# Kein Monitorsignal & keine Piepser



## oldputz1990 (31. März 2007)

Hallo!

Ich habe hier eien 3Jahre alten Fujitsu Siemens PC.

Normalerweise ist der Computer beim einschalten immer geräuschlos gewesen. (also kein Pipser)


Gestern habe ich ihn eingeschaltet, und plätzlich kommt keine Bildschirmsignal, aber auch kein Pipser.


Welche Gründe gibt es da?

CPU?

Danke!


----------



## Raubkopierer (1. April 2007)

mh... das mit dem Piepser ist nicht in Ordnung... normalerweise Piepst es immer einfach nur vom Bios aus: "Alles klar!"

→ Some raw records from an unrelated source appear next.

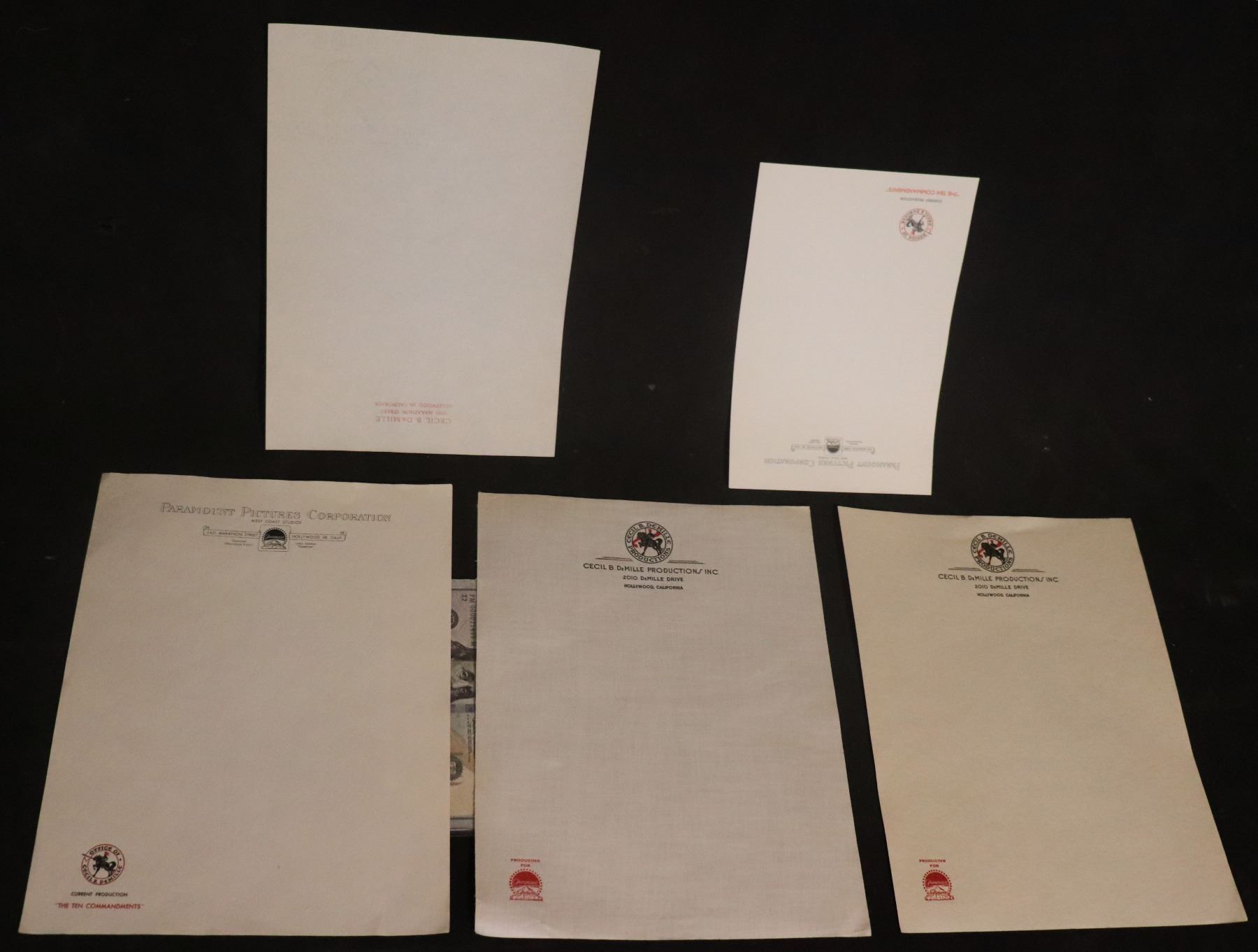 CECIL B DEMILLE SET OF OFFICE LETTERHEAD LOT OF 5!
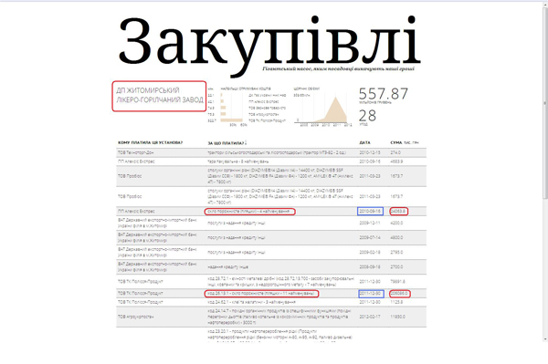 "Із вражаючою періодичністю на сайтах з’являються чергові повідомлення про "зловживання" на Житомирському лікеро-горілчаному заводі. Одне з останніх інформує про нібито закуплені на суму 206 млн грн пляшки.
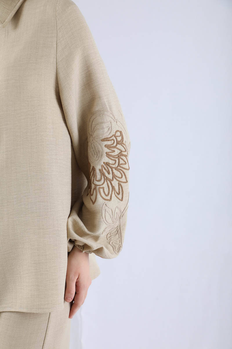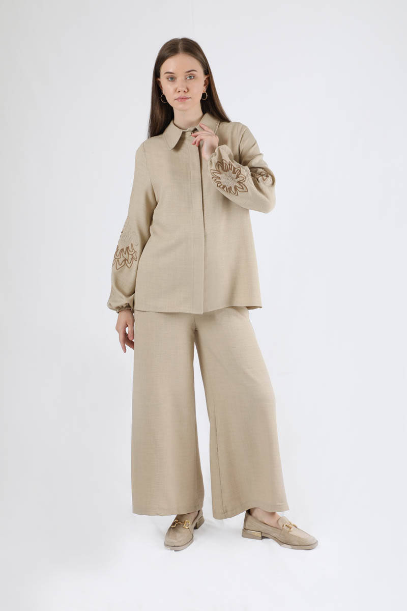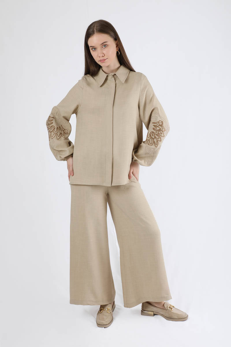 Embroidery Detailed Linen Suit Stone. The sleeve is embroidered detail. The cuff is shirred. Hidden button. Shirt collar. The waist of the trousers is elastic. The trousers are loose. You can choose it for your daily use and special occasions.
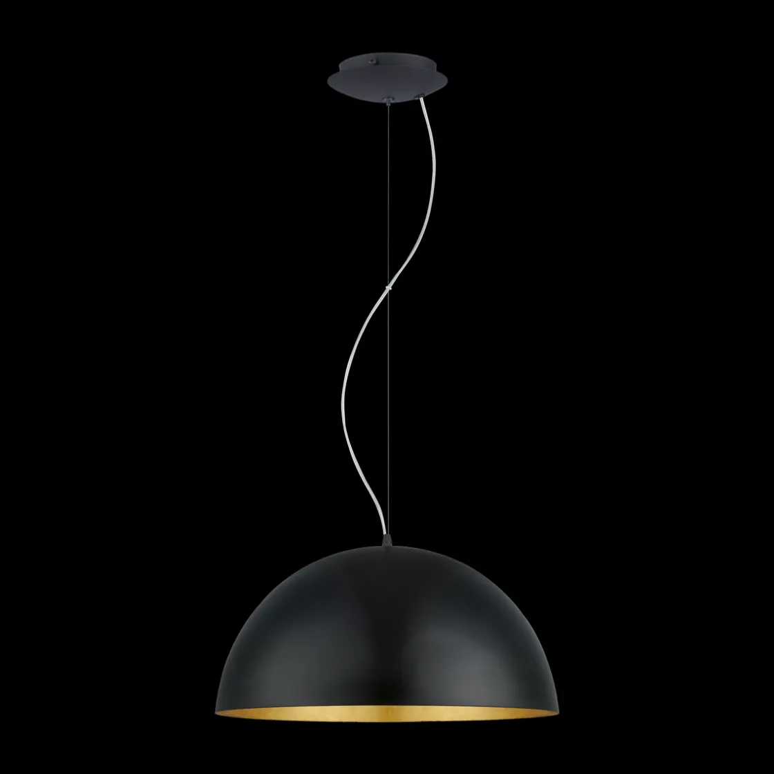 Lekker pendel fra EGLO med matt sort overflate og gullfarget innside. gullfargen gir lyset en behagelig, varm glød i tilleg til et pent utseende. Sort tak-kopp m/ justerbart vaieroppheng og ca 1.5m ledning.

Jedenfalls solltest du ausschließen, dass der Monitor defekt ist (Kabel prüfen etc.).
Steck das VGA-Kabel vom Rechner ab und schalte den Monitor ein... sollte nur etwas wie "No Signal" auf dem Bildschirm erscheinen funktioniert dein Monitor. Nun mach mal dein Gehäuse auf (vorher schön an nem Heizungsrohr (sollte an ner Heizung dran sein, nen Rohr alleine bringt nichts XD) erden damit du nichts kaputt machst und das Netzkabe entfernen) und dort mal die Knopfzelle entfernen und nach ca. 1Minute wieder einsetzen. Nun den PC nochmal starten um zu sehn ob alles geht (Monitorkabel nicht vergessen wieder anzuschließen  )
Das dürfte erstmal genügen... weitere Ansätze kommen, wenn du das gemacht hast und das Problem nicht behoben ist.

Raubkopierer


----------



## oldputz1990 (2. April 2007)

hmm... danke für deine Antwort!

Habe das jetzt mal gemacht.

Monitor funktioniert.

Bios battery rausgenommen, 1 min gewartet und wieder rein.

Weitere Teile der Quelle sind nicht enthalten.